▶ About this task
Your answer must be an exact copy of the listing, with the images left out.

▶ Given material
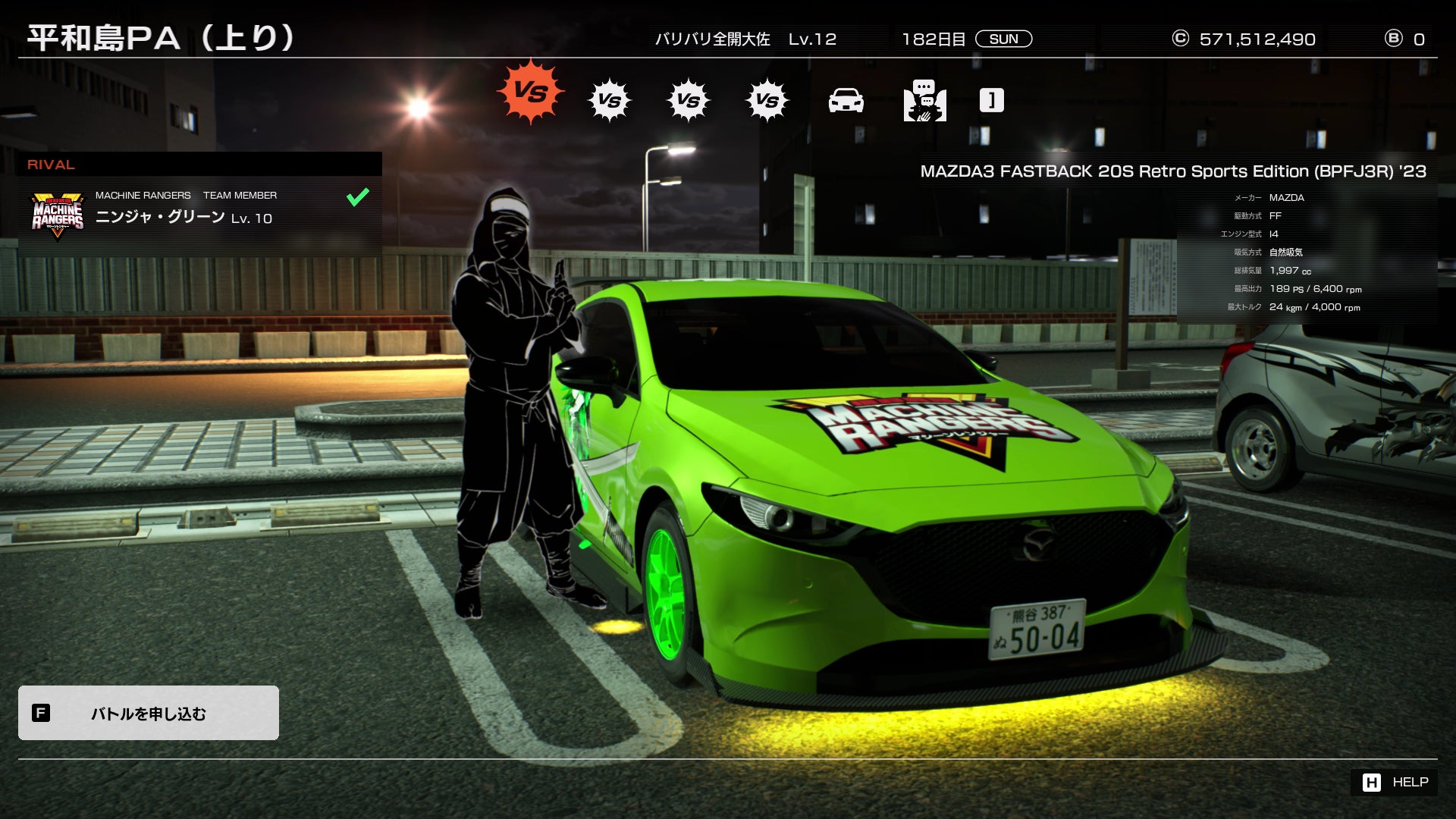 パーキングエリアでは、ライバルの情報を収集したり、ライバルに直接バトルを申し込めたり、車両のセッティングをしたりできます。より詳しい内容については、元気株式会社公式YouTubeチャンネルにて動画を公開しています。
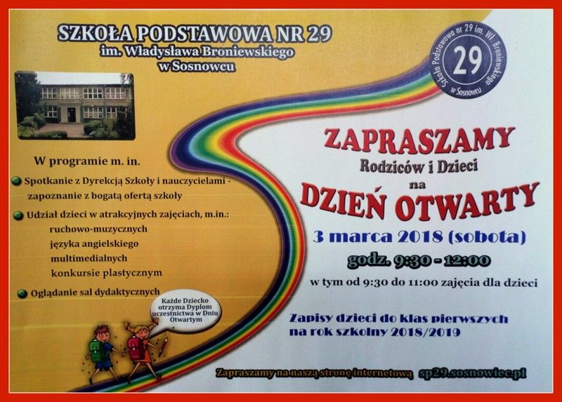 3 marca w godz.9.30.12.00 Szkoła Podstawowa nr 29 zaprasza na Dzień Otwarty.Więcej informacji poniżej:Tagi:
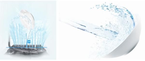 当上下两层喷淋臂快速旋转的时候,密集的水柱就在舱体内进行360°全方位高压喷射,保证让无论放置在哪个位置的碗碟和不同深浅口径的餐具,都能清洁到位,不留死角。

▶ Response
 パーキングエリアでは、ライバルの情報を収集したり、ライバルに直接バトルを申し込めたり、車両のセッティングをしたりできます。より詳しい内容については、元気株式会社公式YouTubeチャンネルにて動画を公開しています。
 3 marca w godz.9.30.12.00 Szkoła Podstawowa nr 29 zaprasza na Dzień Otwarty.Więcej informacji poniżej:Tagi:
 当上下两层喷淋臂快速旋转的时候,密集的水柱就在舱体内进行360°全方位高压喷射,保证让无论放置在哪个位置的碗碟和不同深浅口径的餐具,都能清洁到位,不留死角。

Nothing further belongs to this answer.